Humor Magazine

I Owe No Allegiance to the Facts

By Pearl

Like many people who write, I spend a lot of time in my own head. It’s pleasant in there. The skies are blue; the barometric pressure, steady; the edges, rounded; the unsavory facts encased in bubble wrap and unable to hurt anyone.
It’s nice, in my head.
And as can be expected by someone with a limited loyalty insofar as reality is concerned, I make stuff up.
And sometimes, people who should know better mistake my stories for truth.
Years ago, I wrote a piece as part of a writing exercise. Certain elements were to be present: danger, colorful dialogue, humor, resolution.
There was never mention made that it must be true.
So I made it up. I used an actual vacation I had taken, made up some names, created both situation and dialog. It was published online and quickly forgotten.
Or so I thought.
Months later, at a party, I am approached by a woman whose name I had used in that story.
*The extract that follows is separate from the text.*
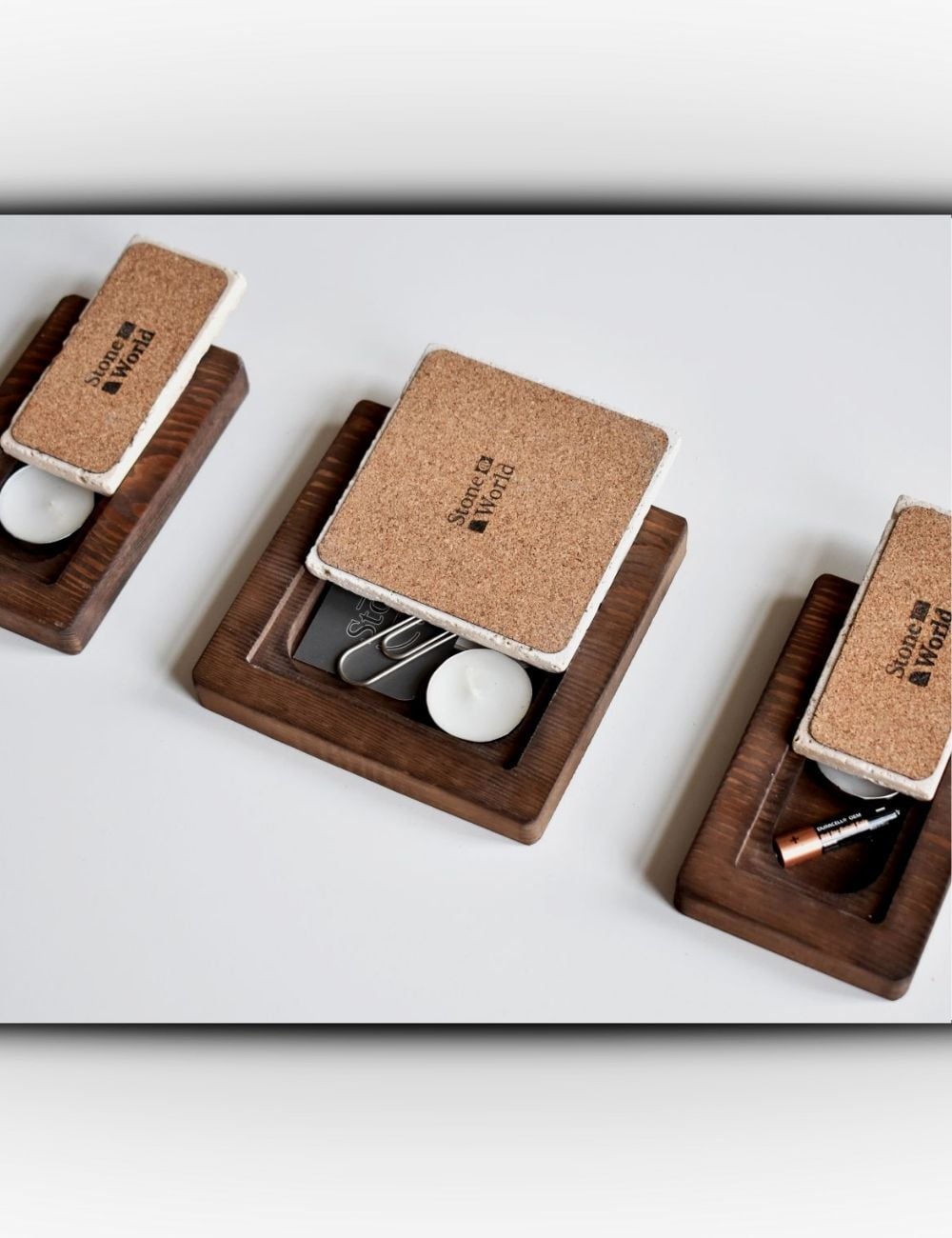 Ahşap altlıklar yedek mum saklama alanı olarak veya çok amaçlı dekoratif kullanım için değerlendirilebilir.

“You remember that, Pearl? You remember that night? Everyone, this is Pearl. She’s the one I was telling you about.”
I shift my beer from one hand to another, look around the room. Linda is a dramatic and insecure person prone to both hysteria and self-aggrandizement. She wears me out.
“What night are you talking about?”
“You know! The story! Remember that?” While I run my eyes over the rest of the room, looking for a way out of this conversation, she lays out everything I had written, quotes it extensively. A crowd gathers as she relates the fictional tale as something she personally experienced, adds details not in the original story implying that she saved me from a dangerous situation and that I, being young and foolish at the time of said story, owed her a debt.
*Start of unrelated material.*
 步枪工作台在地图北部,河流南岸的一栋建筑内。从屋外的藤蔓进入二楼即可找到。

Linda laughingly finishes up by saying, “Really, Pearl, you need to be more careful.”
Mary appears at my elbow. “None of that happened, did it?” she whispers.
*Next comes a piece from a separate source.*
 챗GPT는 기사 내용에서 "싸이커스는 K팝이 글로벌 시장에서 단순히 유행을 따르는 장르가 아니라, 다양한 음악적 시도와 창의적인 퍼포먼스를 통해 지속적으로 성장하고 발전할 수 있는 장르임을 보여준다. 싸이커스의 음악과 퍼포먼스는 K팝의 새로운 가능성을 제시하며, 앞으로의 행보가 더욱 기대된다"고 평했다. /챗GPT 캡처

“Not a word of it!” I hiss. “What in the world is she talking about?”
Mary laughs. “This is what you get for writing a story using her name. What’d you use her name for anyway?”
I shake my head. “It was just a name, just a location. Now she thinks it’s real!”
“You going to call her on it? She’s made herself out to be a hero!”
And you know, I thought about it. I wanted to, but I couldn’t. As annoying and needy as Linda is, I couldn’t take away a story that made her a hero.
Like I said, it’s pleasant in my head. Even when what’s in there is fueled entirely by the imagination.